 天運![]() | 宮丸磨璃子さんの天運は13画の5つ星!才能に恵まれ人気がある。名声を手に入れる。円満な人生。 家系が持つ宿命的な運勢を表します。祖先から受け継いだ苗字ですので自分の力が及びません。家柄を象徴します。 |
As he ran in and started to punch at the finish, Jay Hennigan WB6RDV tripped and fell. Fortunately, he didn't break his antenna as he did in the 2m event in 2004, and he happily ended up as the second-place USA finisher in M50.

..............................

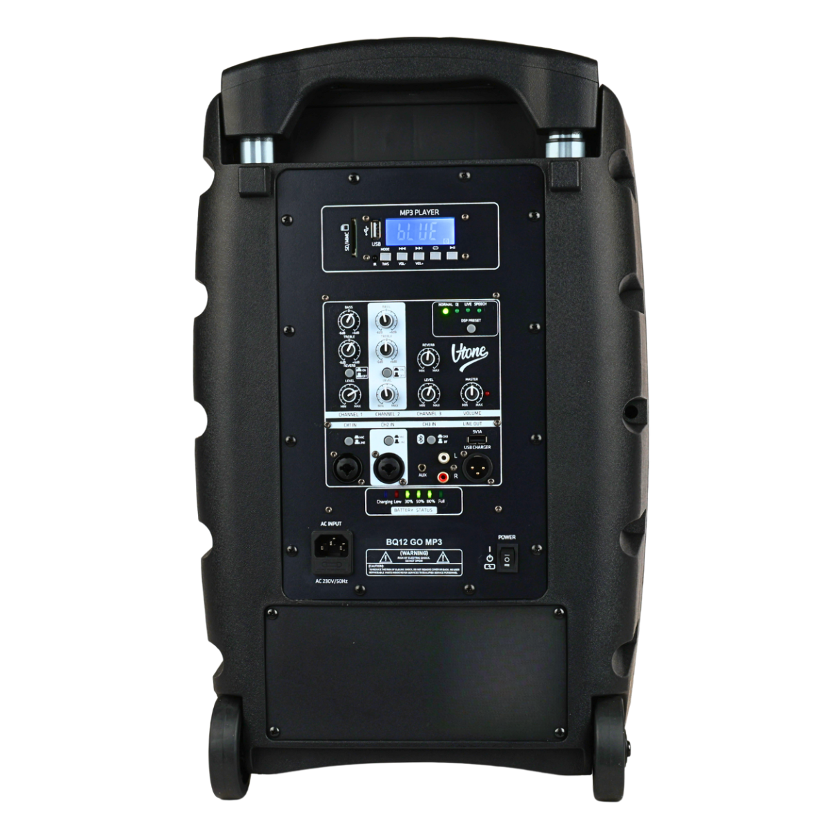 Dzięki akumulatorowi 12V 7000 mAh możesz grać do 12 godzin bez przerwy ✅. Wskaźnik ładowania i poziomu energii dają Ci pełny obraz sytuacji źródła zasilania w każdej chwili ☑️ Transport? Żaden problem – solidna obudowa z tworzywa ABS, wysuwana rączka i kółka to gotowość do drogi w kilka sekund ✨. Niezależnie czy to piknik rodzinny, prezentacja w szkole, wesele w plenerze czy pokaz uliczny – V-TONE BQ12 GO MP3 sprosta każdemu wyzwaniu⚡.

..............................

=== Work instruction ===
Your answer should be the lines above from the one containing "天運![]() | 宮丸磨璃子さんの天運は13画の5つ星!才能に恵まれ人気がある。名声を手に入れる。円満な人生。" through the one containing "As he ran in", copied exactly and with both ends kept.

=== Answer ===
 天運![]() | 宮丸磨璃子さんの天運は13画の5つ星!才能に恵まれ人気がある。名声を手に入れる。円満な人生。 家系が持つ宿命的な運勢を表します。祖先から受け継いだ苗字ですので自分の力が及びません。家柄を象徴します。 |
As he ran in and started to punch at the finish, Jay Hennigan WB6RDV tripped and fell. Fortunately, he didn't break his antenna as he did in the 2m event in 2004, and he happily ended up as the second-place USA finisher in M50.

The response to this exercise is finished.